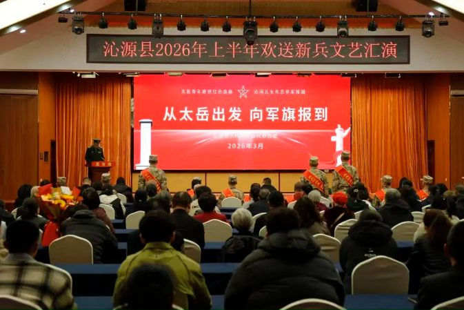 3月18日,沁源县举行2026年上半年欢送新兵文艺汇演。县委副书记、县长郭晓方出席并致辞。县委常委、县人武部部长申小平,县人武部政委焦刚刚,相关单位负责人、乡镇专武干部、入伍新兵及家属参加。
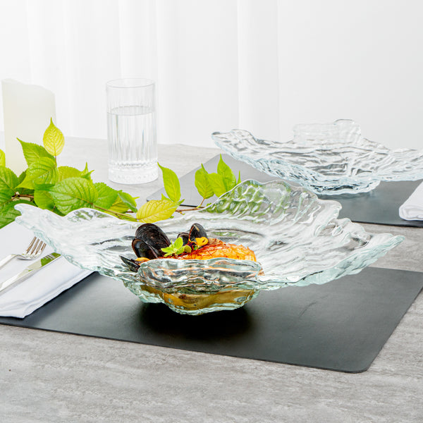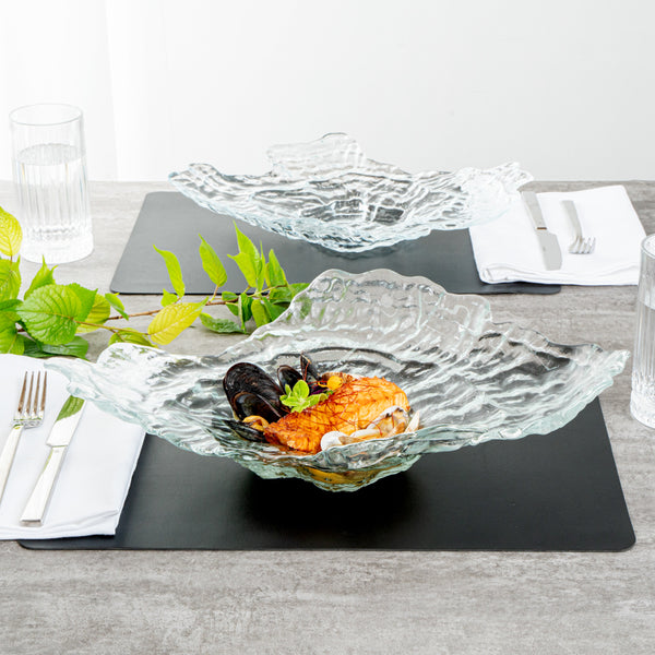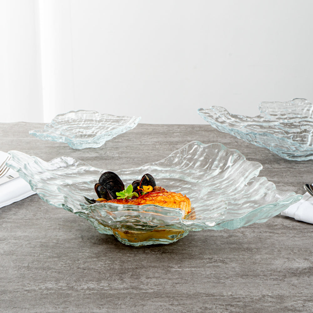 Add eye-catching tableware to your food presentation with our Vetri Abstract Clear Glass Seashell Serving Plate. Featuring a robust and durable construction made from premium soda glass, this seashell serving dish is durable and long-lasting. Plus, this serving glass plate withstands temperatures up to 140F and is suitable for presenting hot and cold foods like cold salads or hot brownies. With an intricate seashell patterned texture on the bottom, this decorative glass plate enhances food presentation. With a lead-free material construction, this vintage glass serving plate won't leach undesirable substances into food. The raised edges of this antique glass plate avoid accidental food spillage. To streamline the cleaning process, these designer glass serving plates are conveniently dishwashable. Measuring 18 inches in length by 13.5 inches in width by 3.75 inches in height, this glass seashell serving dish is ideal for presenting any dish. Shipped in a 1 count box.
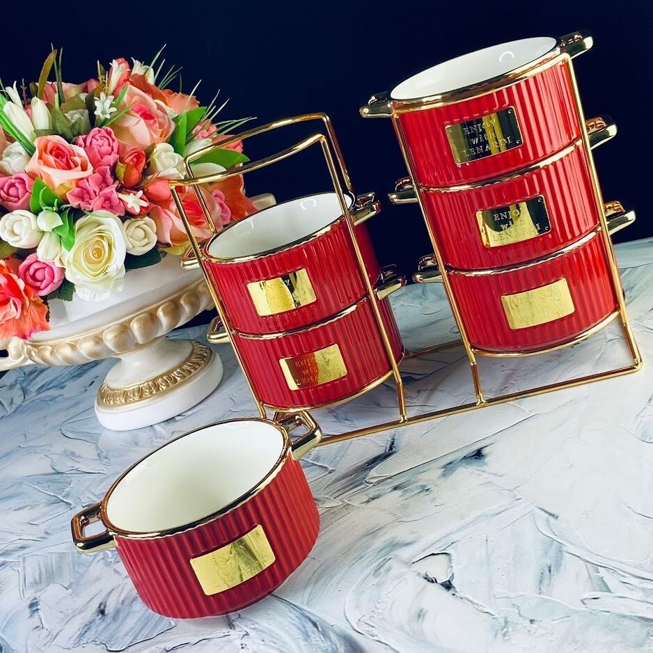 Набор из 6 бульонниц 500мл Multicolor на подставке в под.уп. фарфор
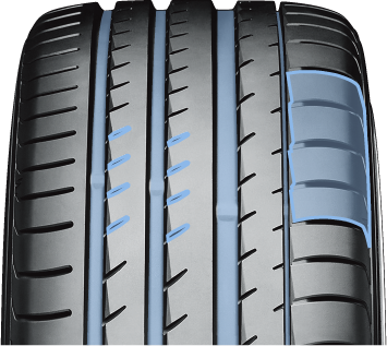斜めに角度のついたカーカスプライを、トレッド付近までターンアップ。重なる部分のプライを交差させることにより、周方向の剛性を向上させた。乗り心地を損なうことなく、ステアリングの正確性を向上。またパワーを確実に路面へ伝えることで、ドライ性能にも貢献します。(採用されていないサイズもございます。)
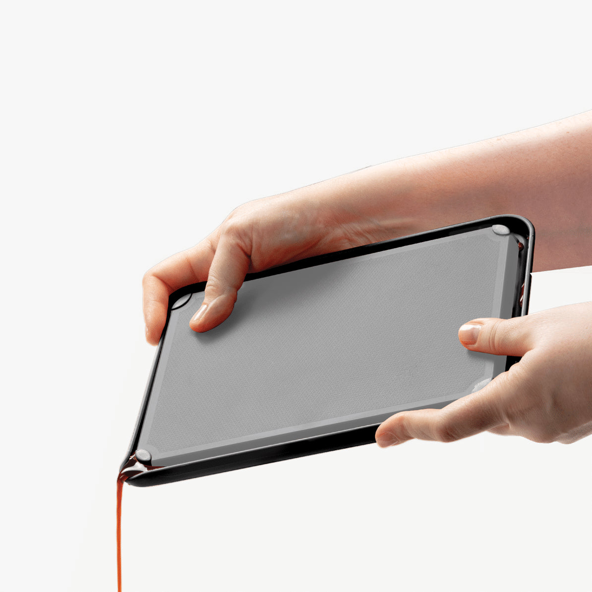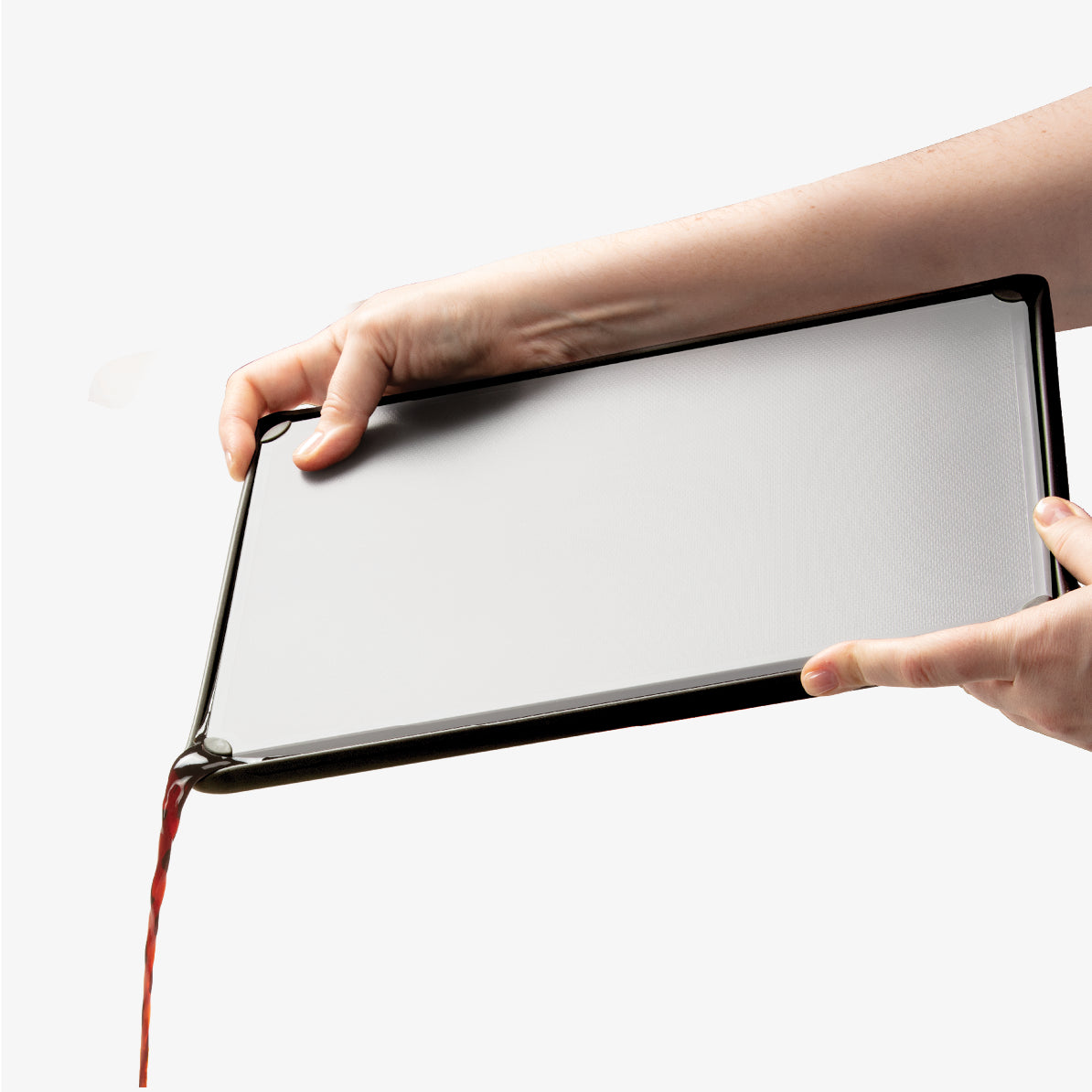 Fledge has flexible edges that flip up to turn it into a tray and stop food falling off the sides, which makes it perfect for transporting food or serving.

■ What you should do:
Pictures aside, the material must be written out word for word.

■ Answer space:
 3月18日,沁源县举行2026年上半年欢送新兵文艺汇演。县委副书记、县长郭晓方出席并致辞。县委常委、县人武部部长申小平,县人武部政委焦刚刚,相关单位负责人、乡镇专武干部、入伍新兵及家属参加。
 Add eye-catching tableware to your food presentation with our Vetri Abstract Clear Glass Seashell Serving Plate. Featuring a robust and durable construction made from premium soda glass, this seashell serving dish is durable and long-lasting. Plus, this serving glass plate withstands temperatures up to 140F and is suitable for presenting hot and cold foods like cold salads or hot brownies. With an intricate seashell patterned texture on the bottom, this decorative glass plate enhances food presentation. With a lead-free material construction, this vintage glass serving plate won't leach undesirable substances into food. The raised edges of this antique glass plate avoid accidental food spillage. To streamline the cleaning process, these designer glass serving plates are conveniently dishwashable. Measuring 18 inches in length by 13.5 inches in width by 3.75 inches in height, this glass seashell serving dish is ideal for presenting any dish. Shipped in a 1 count box.
 Набор из 6 бульонниц 500мл Multicolor на подставке в под.уп. фарфор
斜めに角度のついたカーカスプライを、トレッド付近までターンアップ。重なる部分のプライを交差させることにより、周方向の剛性を向上させた。乗り心地を損なうことなく、ステアリングの正確性を向上。またパワーを確実に路面へ伝えることで、ドライ性能にも貢献します。(採用されていないサイズもございます。)
 Fledge has flexible edges that flip up to turn it into a tray and stop food falling off the sides, which makes it perfect for transporting food or serving.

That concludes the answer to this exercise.